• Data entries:
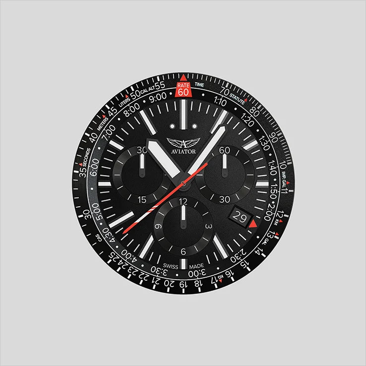 Inšpirovaný prístrojovým panelom MiG-29, s viacfunkčnosťou a rôznymi úpravami, ciferník vám umožňuje sledovať tri úrovne informácií: letecké posuvné pravítko na rotujúcom reflektore, čas a stopky s tromi chronografovými očami a centrálnu stop sekundovku. Jeho čisté indexy a výrazné ručičky ponúkajú jednoduchú čitateľnosť, zatiaľ čo línie posuvného pravítka a kruhy chronografu dodávajú vysokotechnologický pocit. Keďže každý ciferník AVIATOR je výsledkom veľmi presného inžinierstva a výrobných zručností, dostanete kvalitu na najvyššej úrovni, aká nemá obdobu.
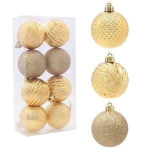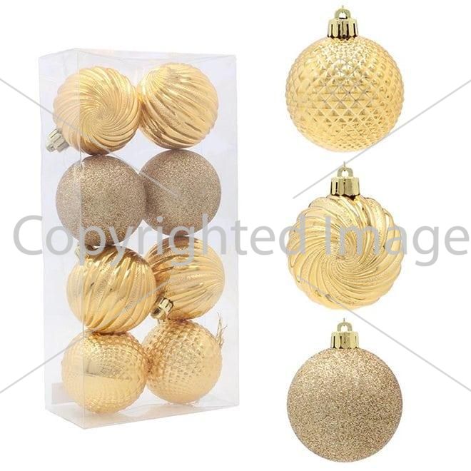 Набір пластикових ялинкових куль, колір - золотий, 8 шт. діаметром - 6 см: фігурний глянцевий - 6 шт. гліттер - 2 шт.
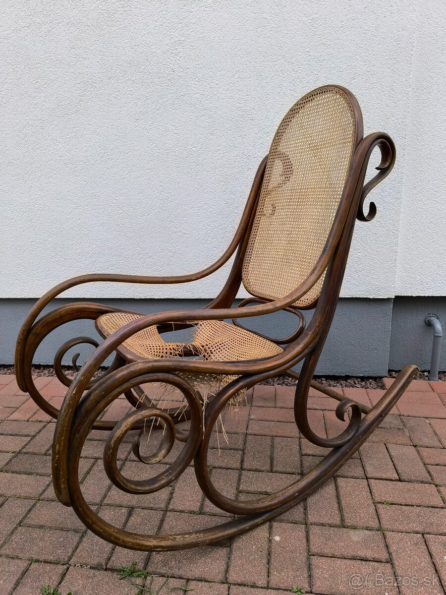 Predam starozitne hojdacie kreslo.Ohybany buk,vyroba zrejme Thonet.Vhodne na renovaciu.
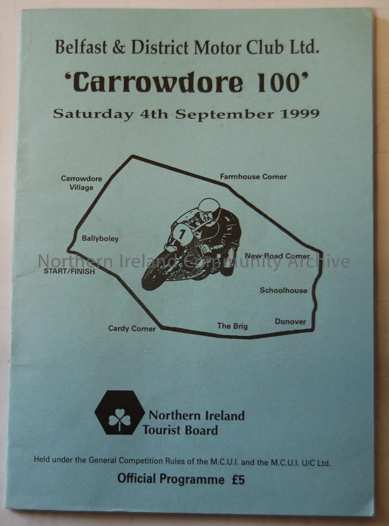 Official Souvenir programme- Belfast & District Motor Club Ltd ‘Carrowdore 100’ Saturday 4th September 1999. Price £5
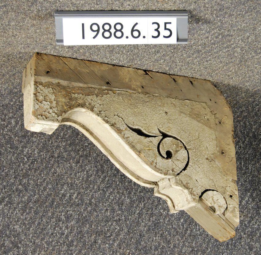 Wood cornice bracket. Scrolled sides. Some pieces missing. Painted. Inscriptions or Markings: Manufacturer: Place of Manufacturer: Design motif: Style: Finish: Painted
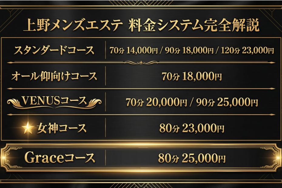 【2026年最新】上野メンズエステの料金システム完全解説 コスパ最強の選び方とGrace Tokyo全コース比較 はじめに:上野メンズエステの料金、実はシンプルで分かりやすい 「上野でメンズエステを探しているけど、料金体【2026年最新】上野メンズエステの料金完全解説|Grace Tokyo
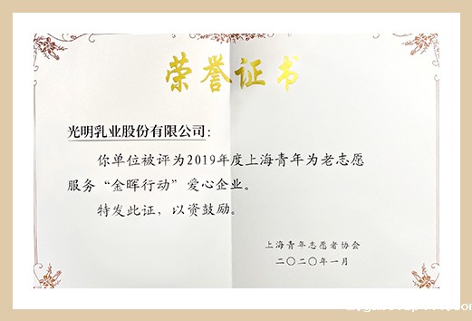 获评2019年度上海青年为老志愿服务“金晖行动”爱心企业称号
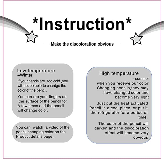- Change Color: change color at about 40-50 degrees; You can first put the pencil in the refrigerator for a period of time, the pencil will turn black, and then hold the thermochromic pencil tightly in your hand, as the temperature of the hand is transferred to the pen, the pen holder will turn bright colors

• Exercise: Please copy, exactly as written, the lines from the one that contains "Набір пластикових ялинкових" through the end of the records, both ends included. Do not include the pictures.

• Expected answer:
 Набір пластикових ялинкових куль, колір - золотий, 8 шт. діаметром - 6 см: фігурний глянцевий - 6 шт. гліттер - 2 шт.
 Predam starozitne hojdacie kreslo.Ohybany buk,vyroba zrejme Thonet.Vhodne na renovaciu.
 Official Souvenir programme- Belfast & District Motor Club Ltd ‘Carrowdore 100’ Saturday 4th September 1999. Price £5
 Wood cornice bracket. Scrolled sides. Some pieces missing. Painted. Inscriptions or Markings: Manufacturer: Place of Manufacturer: Design motif: Style: Finish: Painted
 【2026年最新】上野メンズエステの料金システム完全解説 コスパ最強の選び方とGrace Tokyo全コース比較 はじめに:上野メンズエステの料金、実はシンプルで分かりやすい 「上野でメンズエステを探しているけど、料金体【2026年最新】上野メンズエステの料金完全解説|Grace Tokyo
 获评2019年度上海青年为老志愿服务“金晖行动”爱心企业称号
- Change Color: change color at about 40-50 degrees; You can first put the pencil in the refrigerator for a period of time, the pencil will turn black, and then hold the thermochromic pencil tightly in your hand, as the temperature of the hand is transferred to the pen, the pen holder will turn bright colors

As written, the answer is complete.